So it's not a
secret secret; everyone from the forum that I've met in person already knows, plus a couple of others, but it was a conscious decision to
not give my daughter any kind of social media footprint until she was old enough to understand it. Not totally there yet but I am breaking my silence as we had a truly OV9-worthy event today: our first event with the
The Under 17 Car Club.
It does what it says on the tin: teaching under-17s to drive, and to drive properly, not just to pass their test. Training up to nearly IAM/Police standards if you're good enough (although I'm not quite sure how they do that without using public roads), plus opportunities to drive lots of other vehicles - vans, trucks, performance cars, off-roading, HGVs, even proper military vehicles. All before turning 17. I'm genuinely quite jealous.

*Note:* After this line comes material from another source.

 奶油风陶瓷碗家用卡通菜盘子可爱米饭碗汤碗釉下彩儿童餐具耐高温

Today was a joiners at South Cerney, a former RAF station just south of Cirencester. A windswept airfield like so many Autosolo & Targa events I've been to

We started with just using the clutch. No throttle. It seems trivial to us all now, but it's really quite tricky when you've never needed to do that kind of thing with your feet. In fact, I bet a lot of us would find that tricky even now. No throttle.
Just clutch. Try it ! It really focusses your mind on clutch control. See how far you can get, how many gears you can get through.

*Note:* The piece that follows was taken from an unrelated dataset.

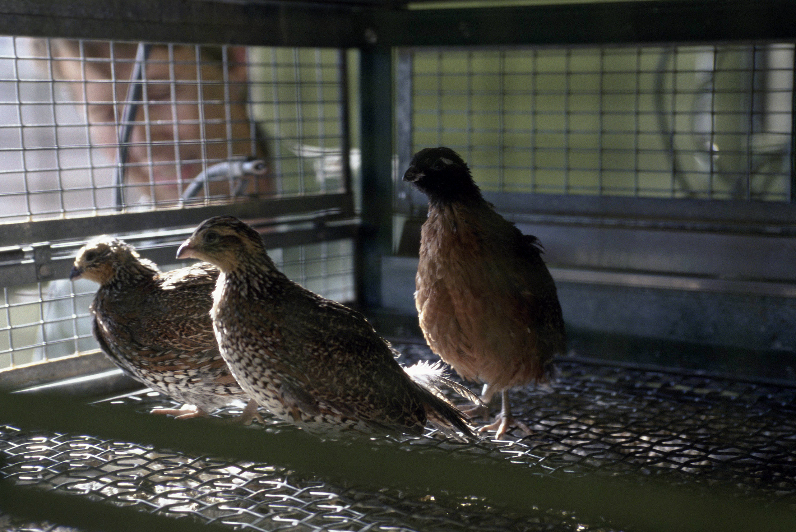 Caged Masked bobwhite at the captive breeding facility on Buenos Aires National Wildlife Refuge.

After that we drove in a large oval, up & down. Just 1st gear. Feeding the steering wheel. Then zig-zag through the cones. Feeding the steering wheel back & forth faster, and feathering the clutch. Also emergency stops. Then.. driving around the whole main circuit. It was honestly like a very gentle Targa stage, some of the road surface was terrible

A few cone-based wiggles around the course and also mock roundabouts to negotiate.
She did brilliantly

There was a bit of a wobble & a confidence crisis early on with the clutch thing but with some encouragement from the excellent instructors she persevered and cracked it. By the end of the afternoon she was up to 3rd gear and almost 30mph. IM(very biased)O that's awesome for an 11yo that's never driven before. We had better instruction, and more wheel time, in a day, than probably three or four "proper" lessons when you turn 17.
She's hooked and insisting we go to the next event, next weekend, at Lyneham. I'll post an update.